## [Task item]
Your copy should match the entries exactly, with the pictures left out.
(Supplied material Opens)
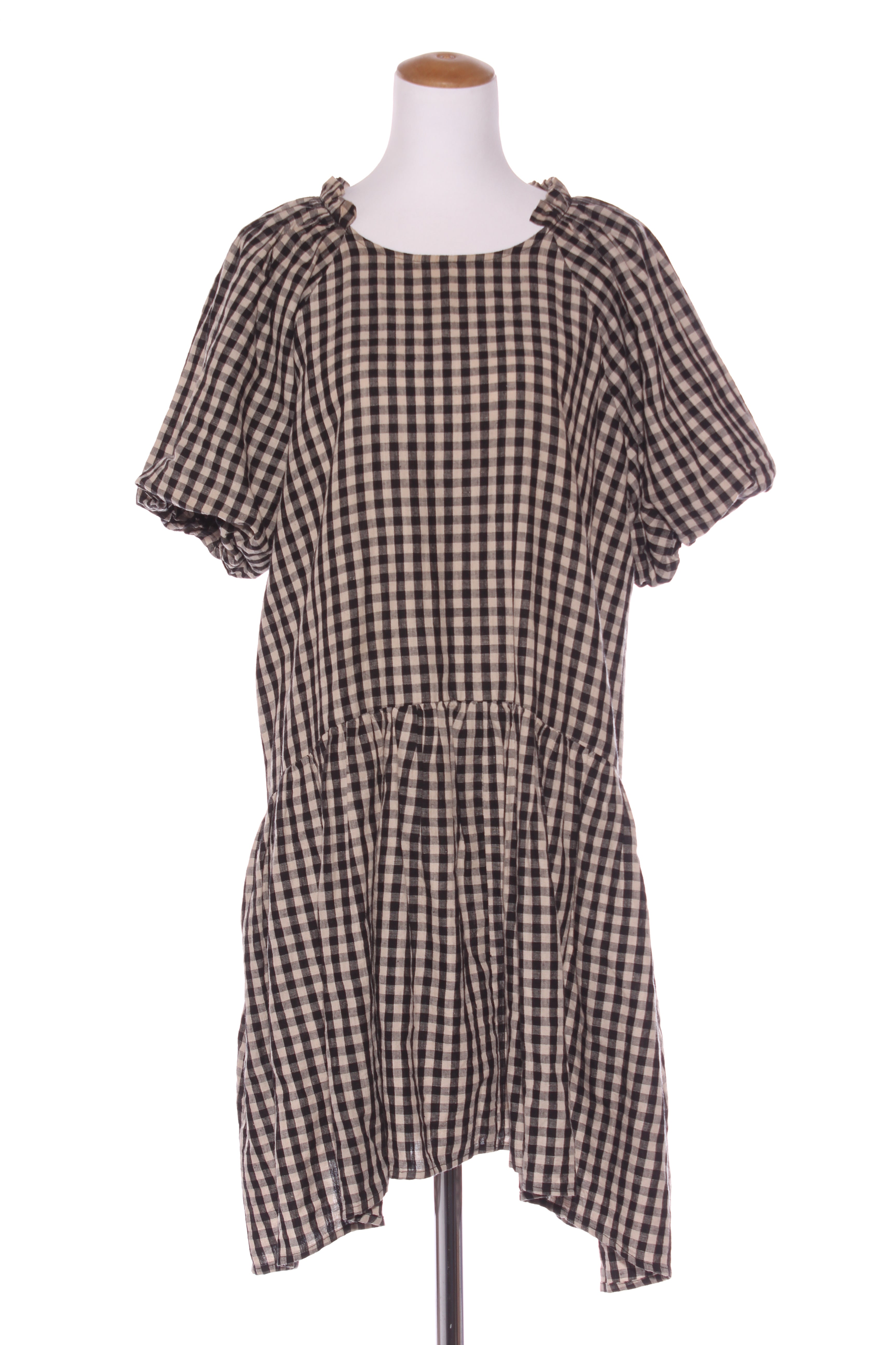 SIZE ON TAG: 12FITS LIKE: N/ACOLOUR: Black, beigeFABRIC: 55% linen, 45% cotton, Lining - cottonCONDITION: Excellent prelovedMEASUREMENTS:BUST: Free WAIST: 59cms LENGTH: 89cmsNOTES: Made in NZ. Button...
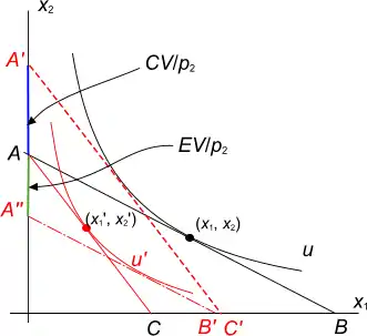 При зміненні відносного рівня цін (змінюється нахил бюджетної лінії AB, тепер це AC) споживач переходить із рівня добробуту u на новий рівень u'. Він би перейшов на цей самий рівень, якби його дохід зменшився на величину, відповідну EV (зсув бюджетної лінії в A''B').
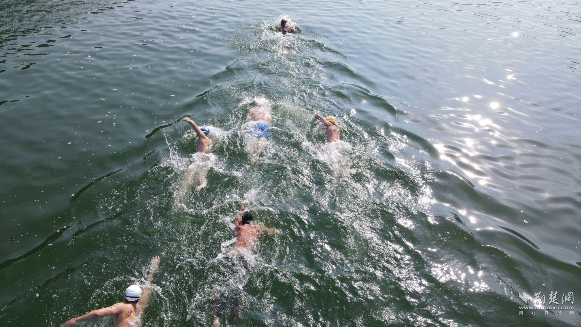 当日上午9时,随着一声令下,做好准备的运动员们纷纷跃入水中。大家争先恐后,奋勇向前,而清江沿岸观众也积极为运动员呐喊助威。
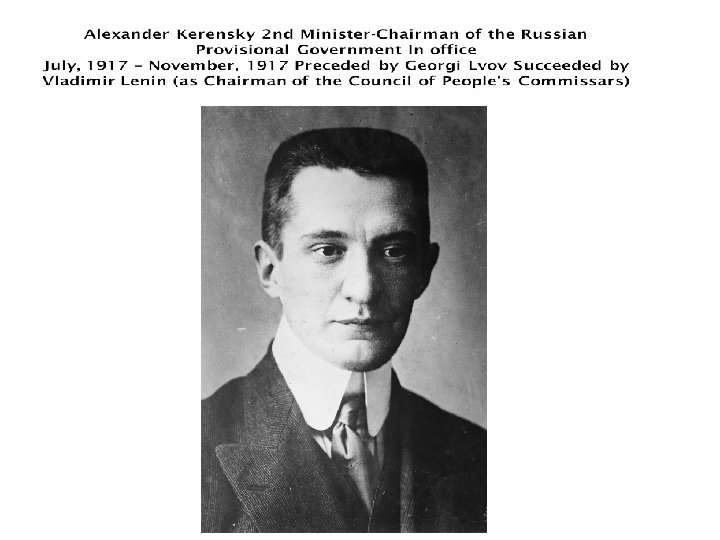 • Prince Georgi Lvov 1 st Minister-Chairman of Russain Provisional Government In office. • March 23, 1917 – July 7, 1917 Preceded by Nicholas II (Tsar) succeeded by Alexander Kerensky.
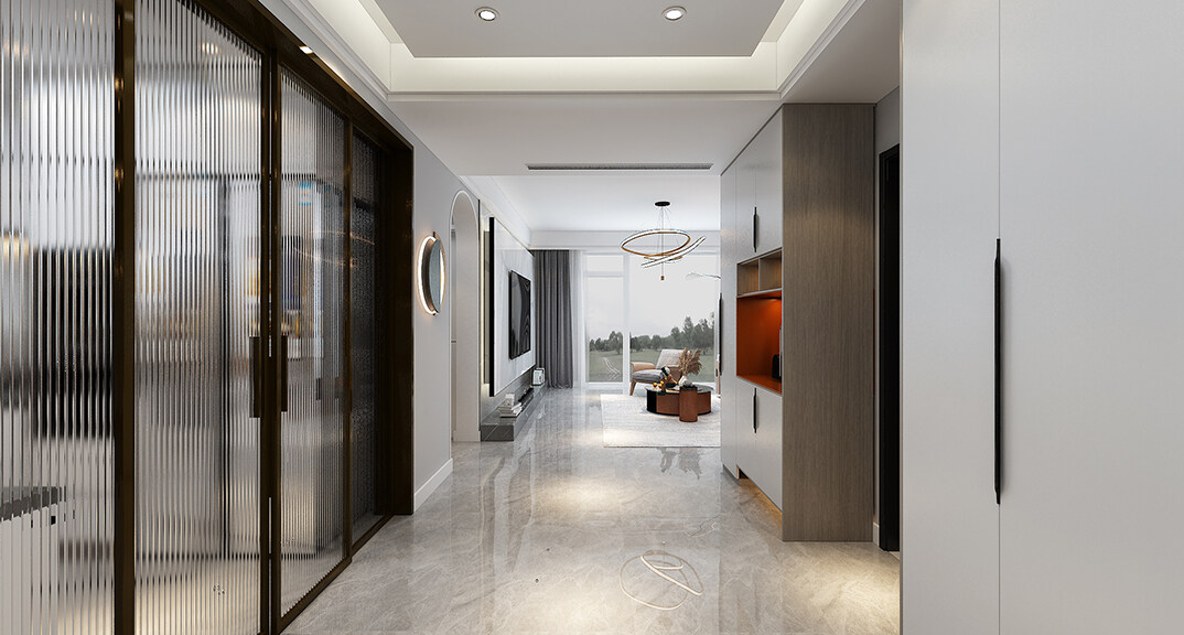 本案整體以現(xiàn)代中式風(fēng)格為主,既有現(xiàn)代風(fēng)格簡(jiǎn)約、明朗的線條,又有中國(guó)傳統(tǒng)內(nèi)涵與韻味。墻面大面積使用暖色烘托整體氛圍,融洽中式與現(xiàn)代簡(jiǎn)約兩種風(fēng)格??臻g更寬闊舒適玄關(guān)收納、玄關(guān)與干區(qū)相結(jié)合,既解放的外衛(wèi)的空間客廳電視背景是一面裝飾柜,豐富了空間,增加了收納和儲(chǔ)物,美觀又實(shí)用。
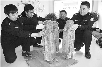 3月20日上午,台州市公安局椒江分局洪家派出所民警追回7件被盗文物。
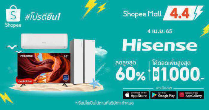 ขึ้นชื่อว่าฤดูร้อนของประเทศไทย หลายๆ คนคงจินตนาการถึงความรู้สึกกันได้ดีว่าร้อนเหงื่อตกขนาดไหน ทั้งอุณหภูมิ แสงแดด และความหนาแน่นของผู้คนที่เบียดเสียดกันในสถานที่ต่างๆ ยิ่งเพิ่มดีกรีร้อนอย่างทวีคูณให้กับผู้คนทั้งร่างกายและจิตใจ ทำให้ในช่วงนี้คนไทยจึงอยากใช้ชีวิตเย็นสบายและผ่อนคลายกันอยู่ที่บ้านมากขึ้น ไฮเซ่นส์ (Hisense) ผู้นำด้านเทคโนโลยีสมาร์ททีวี และเครื่องใช้ไฟฟ้าภายในบ้านระดับโลกมีความเข้าใจถึง Pain Point ของคนไทยในฤดูร้อนเป็นอย่างดี จึงผนึกกำลังกับช้อปปี้ (Shopee) ร่วมคลายร้อนให้คนไทยได้อยู่บ้านอย่างเย็นฉ่ำสบายใจ แถมสบายกระเป๋า ด้วยการยกทัพเครื่องใช้ไฟฟ้าภายในบ้านหลากหลายประเภท มามอบโปรดียืน 1 กับส่วนลดแรงเว่อร์ซัมเมอร์เซลสูงสุด 60% พร้อมลุ้นรับโค้ดส่วนลดเพิ่มเติมสูงสุดถึง 3,000 บาท ในแคมเปญลดราคาสุดยิ่งใหญ่ Shopee 4.4 Shocking Sale ตั้งแต่วันที่ 28 มีนาคม – 4 เมษายน 2565 หรือคุ้มค่าอีกต่อเมื่อชำระเงินด้วย ShopeePay ทั้งยังสามารถสนุกกับการเลือกช้อปท๊อปสินค้าโปรแรงที่คัดสรรมาให้แล้วเป็นอย่างดี อาทิ
(Supplied material Closes)
## [Written solution]
 SIZE ON TAG: 12FITS LIKE: N/ACOLOUR: Black, beigeFABRIC: 55% linen, 45% cotton, Lining - cottonCONDITION: Excellent prelovedMEASUREMENTS:BUST: Free WAIST: 59cms LENGTH: 89cmsNOTES: Made in NZ. Button...
 При зміненні відносного рівня цін (змінюється нахил бюджетної лінії AB, тепер це AC) споживач переходить із рівня добробуту u на новий рівень u'. Він би перейшов на цей самий рівень, якби його дохід зменшився на величину, відповідну EV (зсув бюджетної лінії в A''B').
 当日上午9时,随着一声令下,做好准备的运动员们纷纷跃入水中。大家争先恐后,奋勇向前,而清江沿岸观众也积极为运动员呐喊助威。
 • Prince Georgi Lvov 1 st Minister-Chairman of Russain Provisional Government In office. • March 23, 1917 – July 7, 1917 Preceded by Nicholas II (Tsar) succeeded by Alexander Kerensky.
 本案整體以現(xiàn)代中式風(fēng)格為主,既有現(xiàn)代風(fēng)格簡(jiǎn)約、明朗的線條,又有中國(guó)傳統(tǒng)內(nèi)涵與韻味。墻面大面積使用暖色烘托整體氛圍,融洽中式與現(xiàn)代簡(jiǎn)約兩種風(fēng)格??臻g更寬闊舒適玄關(guān)收納、玄關(guān)與干區(qū)相結(jié)合,既解放的外衛(wèi)的空間客廳電視背景是一面裝飾柜,豐富了空間,增加了收納和儲(chǔ)物,美觀又實(shí)用。
 3月20日上午,台州市公安局椒江分局洪家派出所民警追回7件被盗文物。
 ขึ้นชื่อว่าฤดูร้อนของประเทศไทย หลายๆ คนคงจินตนาการถึงความรู้สึกกันได้ดีว่าร้อนเหงื่อตกขนาดไหน ทั้งอุณหภูมิ แสงแดด และความหนาแน่นของผู้คนที่เบียดเสียดกันในสถานที่ต่างๆ ยิ่งเพิ่มดีกรีร้อนอย่างทวีคูณให้กับผู้คนทั้งร่างกายและจิตใจ ทำให้ในช่วงนี้คนไทยจึงอยากใช้ชีวิตเย็นสบายและผ่อนคลายกันอยู่ที่บ้านมากขึ้น ไฮเซ่นส์ (Hisense) ผู้นำด้านเทคโนโลยีสมาร์ททีวี และเครื่องใช้ไฟฟ้าภายในบ้านระดับโลกมีความเข้าใจถึง Pain Point ของคนไทยในฤดูร้อนเป็นอย่างดี จึงผนึกกำลังกับช้อปปี้ (Shopee) ร่วมคลายร้อนให้คนไทยได้อยู่บ้านอย่างเย็นฉ่ำสบายใจ แถมสบายกระเป๋า ด้วยการยกทัพเครื่องใช้ไฟฟ้าภายในบ้านหลากหลายประเภท มามอบโปรดียืน 1 กับส่วนลดแรงเว่อร์ซัมเมอร์เซลสูงสุด 60% พร้อมลุ้นรับโค้ดส่วนลดเพิ่มเติมสูงสุดถึง 3,000 บาท ในแคมเปญลดราคาสุดยิ่งใหญ่ Shopee 4.4 Shocking Sale ตั้งแต่วันที่ 28 มีนาคม – 4 เมษายน 2565 หรือคุ้มค่าอีกต่อเมื่อชำระเงินด้วย ShopeePay ทั้งยังสามารถสนุกกับการเลือกช้อปท๊อปสินค้าโปรแรงที่คัดสรรมาให้แล้วเป็นอย่างดี อาทิ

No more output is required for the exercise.